%%
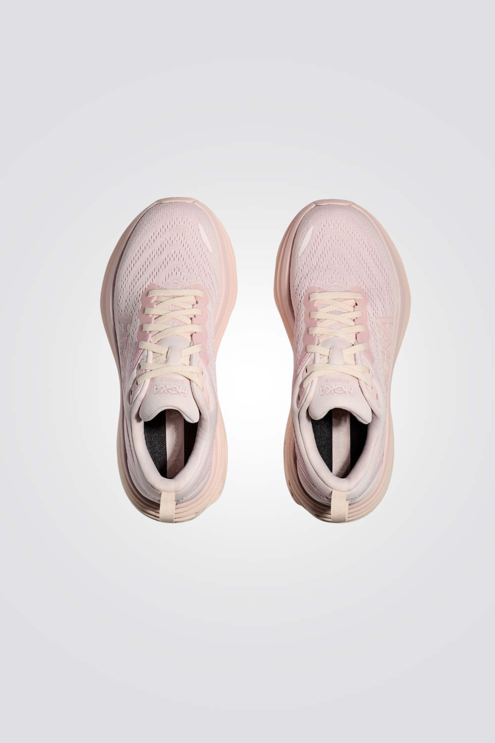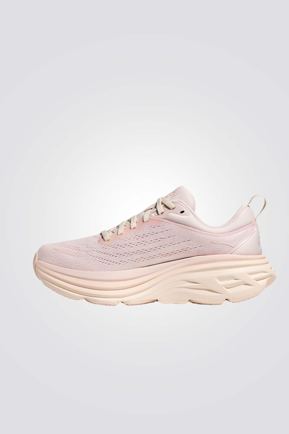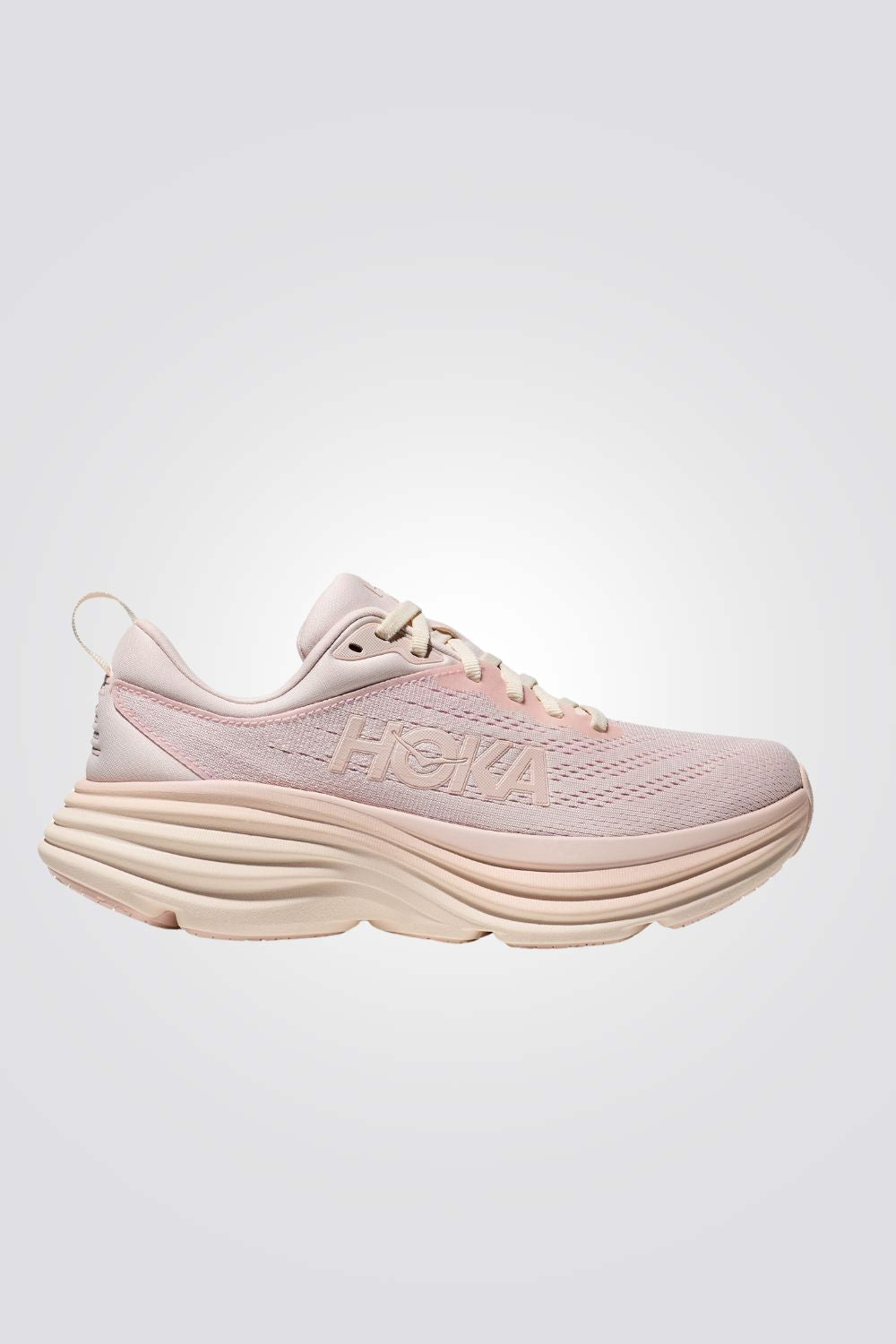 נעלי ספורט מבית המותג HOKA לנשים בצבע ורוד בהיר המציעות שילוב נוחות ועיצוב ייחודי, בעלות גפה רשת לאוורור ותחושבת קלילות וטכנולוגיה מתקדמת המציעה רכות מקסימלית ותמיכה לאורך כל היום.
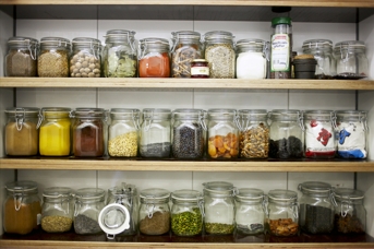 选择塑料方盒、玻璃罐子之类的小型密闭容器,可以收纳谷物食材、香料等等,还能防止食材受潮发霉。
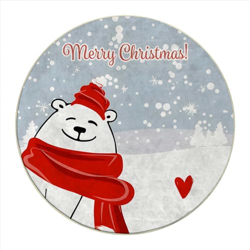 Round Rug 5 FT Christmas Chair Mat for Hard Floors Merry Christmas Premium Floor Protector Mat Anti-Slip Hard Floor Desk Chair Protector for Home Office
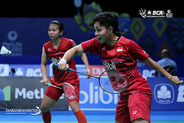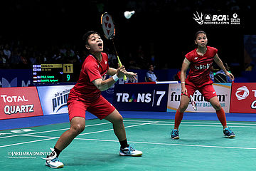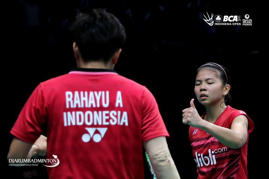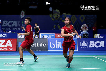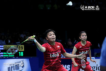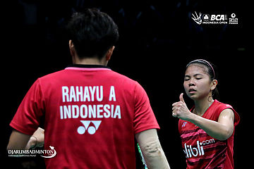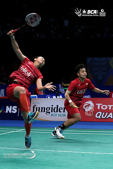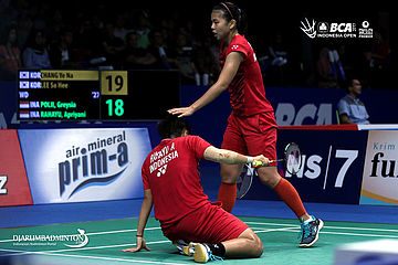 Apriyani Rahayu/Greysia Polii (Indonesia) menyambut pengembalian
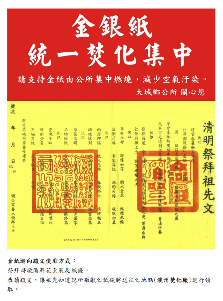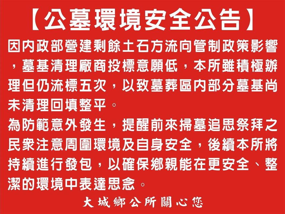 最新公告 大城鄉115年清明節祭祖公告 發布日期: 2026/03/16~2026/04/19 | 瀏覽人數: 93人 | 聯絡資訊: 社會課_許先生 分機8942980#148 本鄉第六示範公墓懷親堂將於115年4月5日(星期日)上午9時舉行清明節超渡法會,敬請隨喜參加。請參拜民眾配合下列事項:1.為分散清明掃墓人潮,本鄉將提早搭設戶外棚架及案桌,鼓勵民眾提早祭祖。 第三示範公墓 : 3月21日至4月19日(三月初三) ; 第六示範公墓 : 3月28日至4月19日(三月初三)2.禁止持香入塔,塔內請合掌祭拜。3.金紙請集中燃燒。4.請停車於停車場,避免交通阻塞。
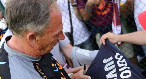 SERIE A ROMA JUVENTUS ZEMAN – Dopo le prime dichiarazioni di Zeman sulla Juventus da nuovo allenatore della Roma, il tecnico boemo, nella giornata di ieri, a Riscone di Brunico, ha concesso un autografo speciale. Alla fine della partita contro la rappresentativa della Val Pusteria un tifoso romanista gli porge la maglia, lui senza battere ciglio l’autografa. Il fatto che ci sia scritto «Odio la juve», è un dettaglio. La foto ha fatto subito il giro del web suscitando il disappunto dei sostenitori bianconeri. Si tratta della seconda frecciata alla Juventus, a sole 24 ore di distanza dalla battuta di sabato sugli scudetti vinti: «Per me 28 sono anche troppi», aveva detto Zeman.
%%
WHAT YOU HAVE TO DO:
Without the pictures, return the listing above from its first line through the line that has "选择塑料方盒、玻璃罐子之类的".

WRITTEN REPLY:
 נעלי ספורט מבית המותג HOKA לנשים בצבע ורוד בהיר המציעות שילוב נוחות ועיצוב ייחודי, בעלות גפה רשת לאוורור ותחושבת קלילות וטכנולוגיה מתקדמת המציעה רכות מקסימלית ותמיכה לאורך כל היום.
 选择塑料方盒、玻璃罐子之类的小型密闭容器,可以收纳谷物食材、香料等等,还能防止食材受潮发霉。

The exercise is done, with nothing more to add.